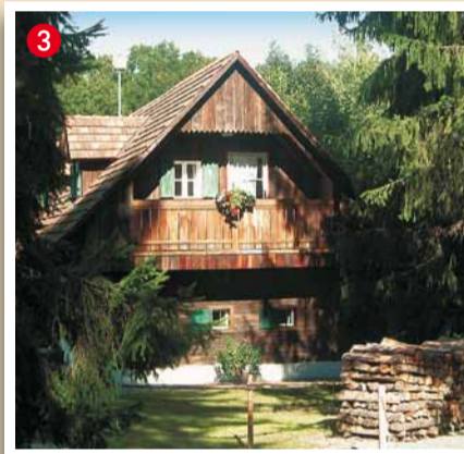
Rauch-Hof A-8510 Stainz, Wald 21 Tel. 03463/2882, Fax: 03463/2882-4 www.rauch-hof.at

In wunderbarer Idylle liegt unser Gasthof am Reinischkogel. Er befindet sich seit sieben Generationen im Familienbesitz. Die angeschlossene Landwirtschaft sowie das Weingut ermöglichen uns, für unsere Gäste den Großteil der Grundprodukte selbst zu erzeugen. Auf etwa zehn Hektar Wiesen weiden Hirsche, die sich ihre Äsung selbst suchen und Bio-Fleisch in die Gasthausküche liefern. Unser Fischteich bringt uns herrliche Regenbogenforellen. Der Schilcherweinbau mit seinen Erzeugnissen ist ein unverzichtbarer Bestandteil unseres Familienbetriebes. Perfekt ausgestattete Bio-Komfortzimmer garantieren Ihnen einen erholsamen Urlaub.
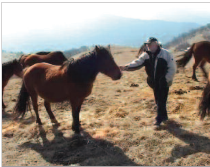
Ово су питоми коњи и сваки има свог власника

хране. Уз помоћ људи из града Краљева овај пројекат би могао брже да се реализује. Међутим укидање субвенција од стране државе за власнике коња 2011.
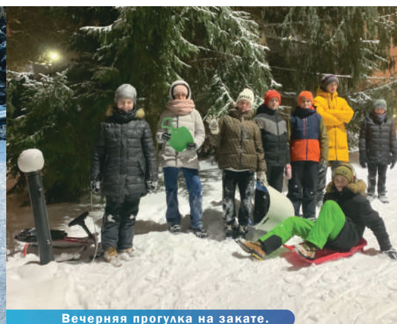
Вечерняя прогулка на закате.

Каждый день отдыха был интересен, хотя и соблюдался режим дня: зарядка, завтрак, спортивные мероприятия, прогулка на свежем воздухе, обед, тихий час, развлекательные игры, полдник, прогулка, ужин, вечерняя анимация, дискотека, вечерний туалет и сон. Однако игры и квесты каждый раз были разные и очень весёлые. Но самое любимое занятие ребят было катание на снежных горках! Все с удовольствием соревновались, катались паровозиком, и просто съезжали с горки, пока она не занята никем, на большой скорости. Строили башни и крепости изо льда, а потом защищали подступы к ним. И, конечно же, было время для свободного общения, для разговоров «по душам», для теплых бесед с педагогами. Для летей это очень важно.
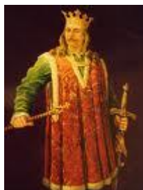
TEFAN CEL MARE(1457-1504)
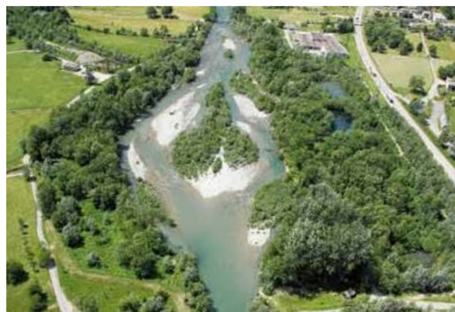
Fig. 3 Allargamento nella Val Mesolcina presso Grono (GR).
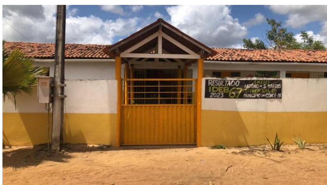
Figura 1: E.M.E.I.E.F. Antônio de Souza Santos

Desse modo, a E.M.E.I.E.F. Antônio de Souza Santos, tem recorrido ao método da Pedagogia de Projetos como proposta para abraçar as especificidades construídas no Assentamento Garapú II, como proposta curricular, especialmente pela necessidade de contextualizar uma escola do campo, sua localização em assentamento rural da reforma agrária, o contexto dos povos camponeses assentados da reforma agrária e dos movimentos sociais dentre outros, e assim partimos da situação e do lugar desses sujeitos, conforme demonstram as imagens seguintes:
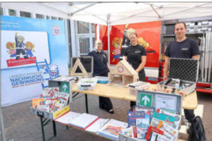
Das Brandschutzerziehungsmobil ist für die Arbeit mit Kindern bestens ausgestattet.

Letzterem wollte Staatssekretär Sauer nicht beipflichten, er setzt auf Freiwilligkeit, denn eine Dienstpflicht sei nicht praktikabel und Freiwilligkeit funktioniere besser. Wichtig sei es, neue Formate zu finden wie das freiwillige soziale Jahr, sagte Sauer. Für die Motivation der im Brand- und Katastrophenschutz Aktiven seien die Rahmenbedingungen bedeutsam, Anerkennung und Wertschätzung seien Begriffe, die mit Leben erfüllt werden müssten. (wö)
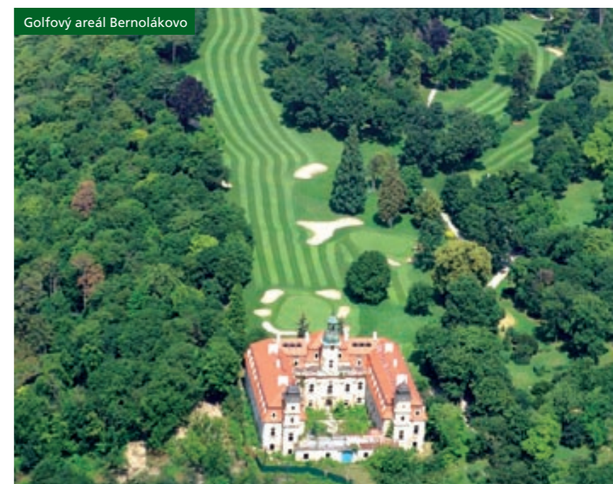
Golfový areál Bernolákovo
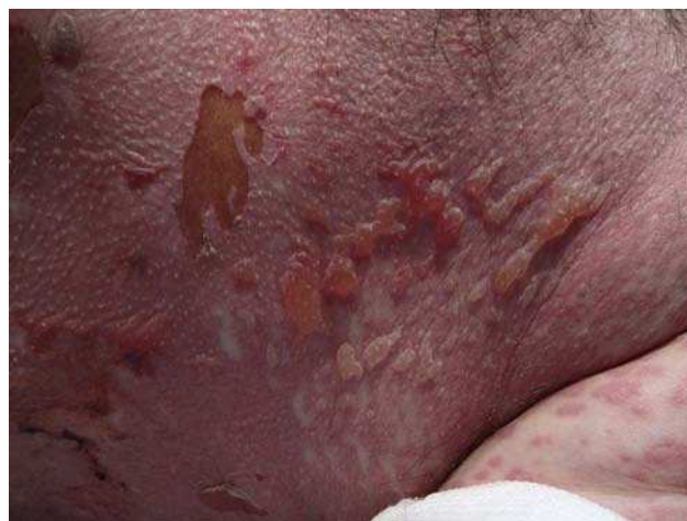
Figura 2 En esta imagen a mayor aumento, se aprecian grandes ampollas superficiales y áreas de necrosis.

apreciaban imágenes de consolidación. Los datos analíticos más relevantes fueron una PCR de 86, tiempo de protrombina del 60,5% y un INR de 1,25. Se realizó una biopsia que reveló una epidermis con necrosis confluyente extensa y despegamiento a nivel subepidérmico. La dermis superior presentaba un infiltrado linfoplasmocitario de predominio perivascular (fig. 3). Con estos datos el paciente fue diagnosticado de necrólisis epidérmica tóxica por vemurafenib, con un SCORTEN de 3. A su llegada, se suspendió el vemurafenib y se inició tratamiento con ciclosporina a dosis de 75 mg cada 12 h por vía intravenosa así como descontaminación digestiva selectiva, aporte vitamínico y nutricional, y sueroterapia. Las áreas de piel necrosadas fueron retira-
════════════════════
• _Your task_
Reprint the data verbatim, pictures excluded.

• _Expected answer_
Rauch-Hof A-8510 Stainz, Wald 21 Tel. 03463/2882, Fax: 03463/2882-4 www.rauch-hof.at

In wunderbarer Idylle liegt unser Gasthof am Reinischkogel. Er befindet sich seit sieben Generationen im Familienbesitz. Die angeschlossene Landwirtschaft sowie das Weingut ermöglichen uns, für unsere Gäste den Großteil der Grundprodukte selbst zu erzeugen. Auf etwa zehn Hektar Wiesen weiden Hirsche, die sich ihre Äsung selbst suchen und Bio-Fleisch in die Gasthausküche liefern. Unser Fischteich bringt uns herrliche Regenbogenforellen. Der Schilcherweinbau mit seinen Erzeugnissen ist ein unverzichtbarer Bestandteil unseres Familienbetriebes. Perfekt ausgestattete Bio-Komfortzimmer garantieren Ihnen einen erholsamen Urlaub.
Ово су питоми коњи и сваки има свог власника

хране. Уз помоћ људи из града Краљева овај пројекат би могао брже да се реализује. Међутим укидање субвенција од стране државе за власнике коња 2011.
Вечерняя прогулка на закате.

Каждый день отдыха был интересен, хотя и соблюдался режим дня: зарядка, завтрак, спортивные мероприятия, прогулка на свежем воздухе, обед, тихий час, развлекательные игры, полдник, прогулка, ужин, вечерняя анимация, дискотека, вечерний туалет и сон. Однако игры и квесты каждый раз были разные и очень весёлые. Но самое любимое занятие ребят было катание на снежных горках! Все с удовольствием соревновались, катались паровозиком, и просто съезжали с горки, пока она не занята никем, на большой скорости. Строили башни и крепости изо льда, а потом защищали подступы к ним. И, конечно же, было время для свободного общения, для разговоров «по душам», для теплых бесед с педагогами. Для летей это очень важно.
TEFAN CEL MARE(1457-1504)
Fig. 3 Allargamento nella Val Mesolcina presso Grono (GR).
Figura 1: E.M.E.I.E.F. Antônio de Souza Santos

Desse modo, a E.M.E.I.E.F. Antônio de Souza Santos, tem recorrido ao método da Pedagogia de Projetos como proposta para abraçar as especificidades construídas no Assentamento Garapú II, como proposta curricular, especialmente pela necessidade de contextualizar uma escola do campo, sua localização em assentamento rural da reforma agrária, o contexto dos povos camponeses assentados da reforma agrária e dos movimentos sociais dentre outros, e assim partimos da situação e do lugar desses sujeitos, conforme demonstram as imagens seguintes:
Das Brandschutzerziehungsmobil ist für die Arbeit mit Kindern bestens ausgestattet.

Letzterem wollte Staatssekretär Sauer nicht beipflichten, er setzt auf Freiwilligkeit, denn eine Dienstpflicht sei nicht praktikabel und Freiwilligkeit funktioniere besser. Wichtig sei es, neue Formate zu finden wie das freiwillige soziale Jahr, sagte Sauer. Für die Motivation der im Brand- und Katastrophenschutz Aktiven seien die Rahmenbedingungen bedeutsam, Anerkennung und Wertschätzung seien Begriffe, die mit Leben erfüllt werden müssten. (wö)
Golfový areál Bernolákovo
Figura 2 En esta imagen a mayor aumento, se aprecian grandes ampollas superficiales y áreas de necrosis.

apreciaban imágenes de consolidación. Los datos analíticos más relevantes fueron una PCR de 86, tiempo de protrombina del 60,5% y un INR de 1,25. Se realizó una biopsia que reveló una epidermis con necrosis confluyente extensa y despegamiento a nivel subepidérmico. La dermis superior presentaba un infiltrado linfoplasmocitario de predominio perivascular (fig. 3). Con estos datos el paciente fue diagnosticado de necrólisis epidérmica tóxica por vemurafenib, con un SCORTEN de 3. A su llegada, se suspendió el vemurafenib y se inició tratamiento con ciclosporina a dosis de 75 mg cada 12 h por vía intravenosa así como descontaminación digestiva selectiva, aporte vitamínico y nutricional, y sueroterapia. Las áreas de piel necrosadas fueron retira-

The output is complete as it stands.